======== Recorded data

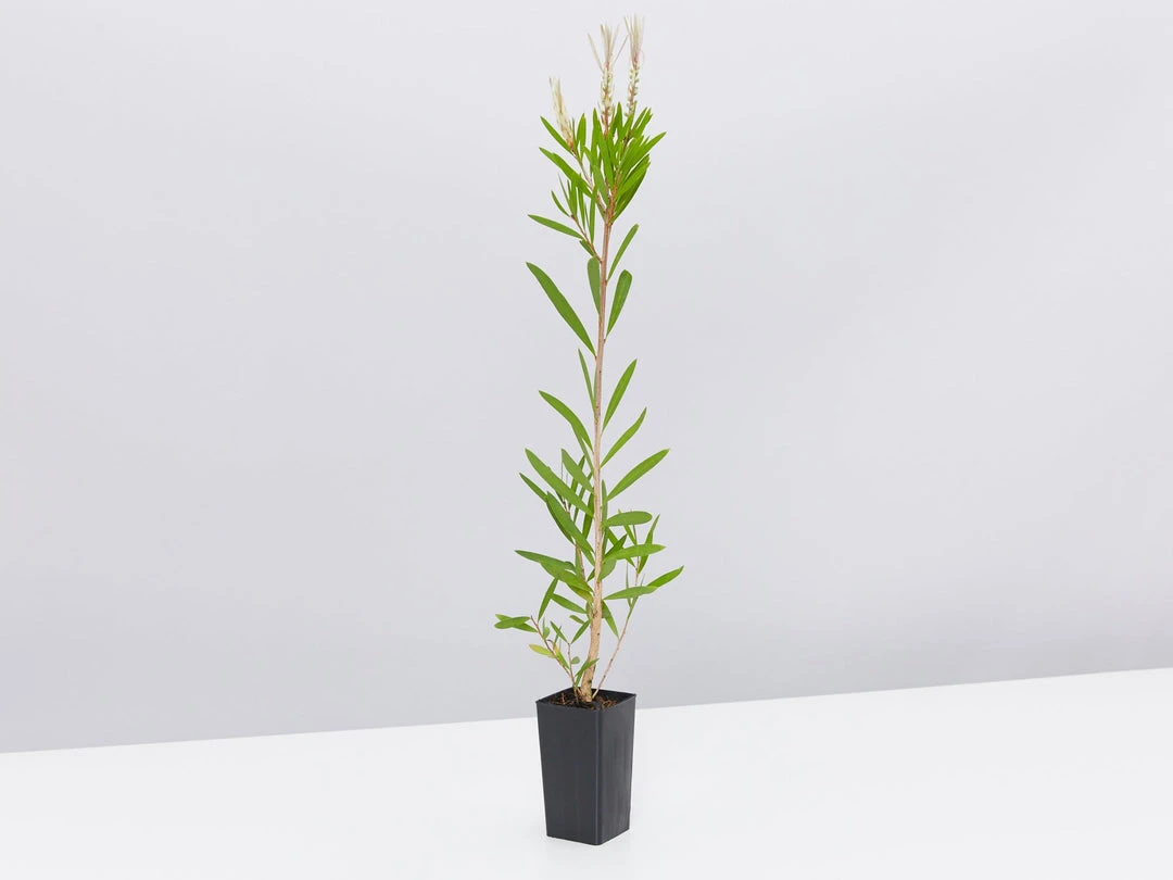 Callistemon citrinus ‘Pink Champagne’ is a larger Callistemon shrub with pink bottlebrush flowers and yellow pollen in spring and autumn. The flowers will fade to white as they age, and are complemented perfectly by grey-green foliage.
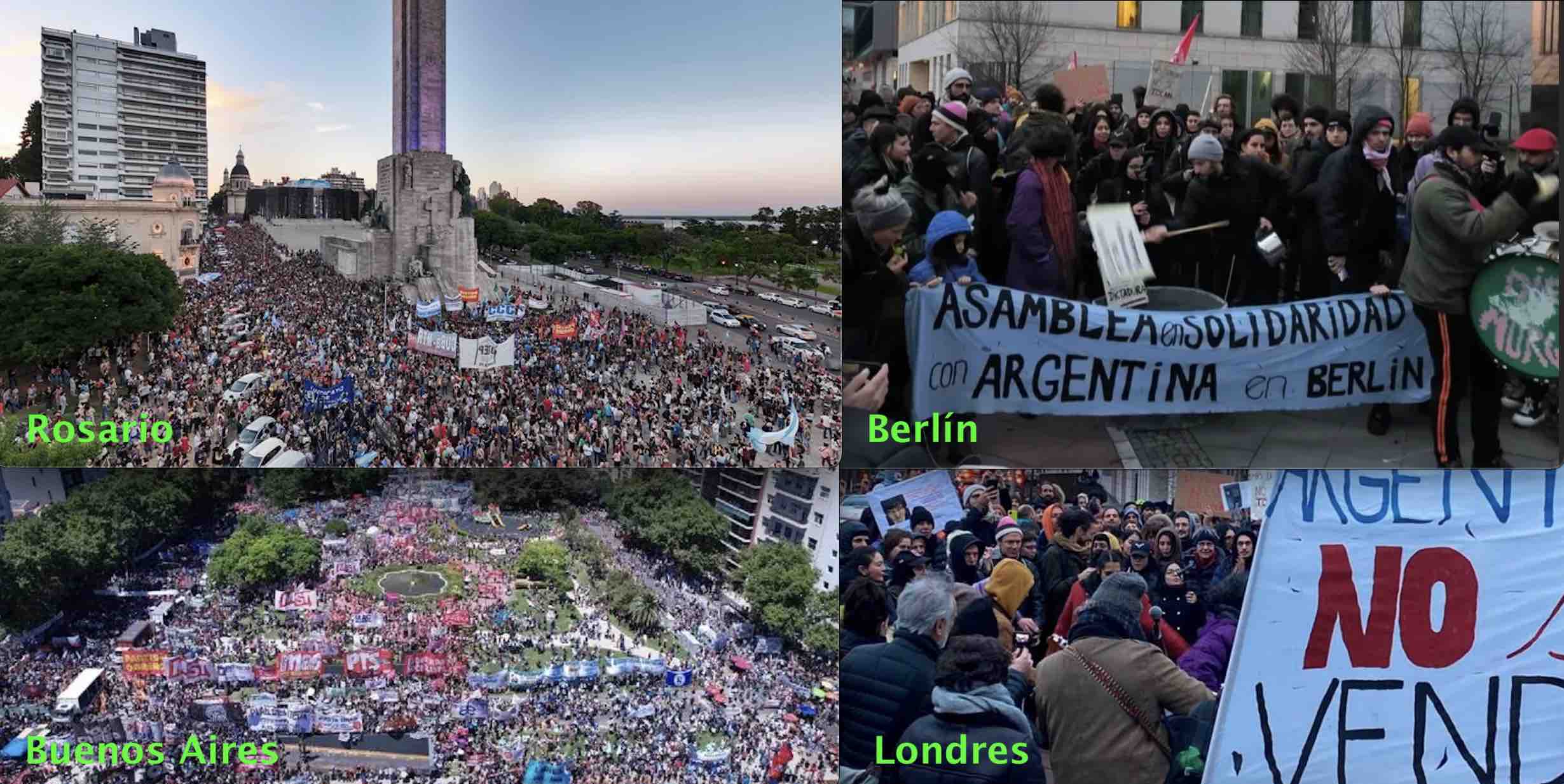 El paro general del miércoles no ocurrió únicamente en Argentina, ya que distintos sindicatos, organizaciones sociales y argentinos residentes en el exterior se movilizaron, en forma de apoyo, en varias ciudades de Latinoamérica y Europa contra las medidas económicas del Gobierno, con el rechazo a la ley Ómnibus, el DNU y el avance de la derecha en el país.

================
======== Recorded data

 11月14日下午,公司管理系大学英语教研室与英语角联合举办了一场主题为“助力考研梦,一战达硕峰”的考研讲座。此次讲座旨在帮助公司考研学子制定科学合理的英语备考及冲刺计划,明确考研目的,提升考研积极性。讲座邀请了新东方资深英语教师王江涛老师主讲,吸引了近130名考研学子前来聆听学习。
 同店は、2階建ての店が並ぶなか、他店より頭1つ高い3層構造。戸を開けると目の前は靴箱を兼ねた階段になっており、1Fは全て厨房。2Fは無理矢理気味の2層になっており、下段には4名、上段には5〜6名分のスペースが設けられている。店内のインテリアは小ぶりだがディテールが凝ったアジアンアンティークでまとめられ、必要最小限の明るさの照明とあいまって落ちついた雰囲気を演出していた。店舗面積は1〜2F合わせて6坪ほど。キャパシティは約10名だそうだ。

================

Only the lines starting at the one that includes "Callistemon citrinus ‘Pink Champagne’" and ending at the one that includes "El paro general" should be retyped, exactly, from the records above; no pictures.

 Callistemon citrinus ‘Pink Champagne’ is a larger Callistemon shrub with pink bottlebrush flowers and yellow pollen in spring and autumn. The flowers will fade to white as they age, and are complemented perfectly by grey-green foliage.
 El paro general del miércoles no ocurrió únicamente en Argentina, ya que distintos sindicatos, organizaciones sociales y argentinos residentes en el exterior se movilizaron, en forma de apoyo, en varias ciudades de Latinoamérica y Europa contra las medidas económicas del Gobierno, con el rechazo a la ley Ómnibus, el DNU y el avance de la derecha en el país.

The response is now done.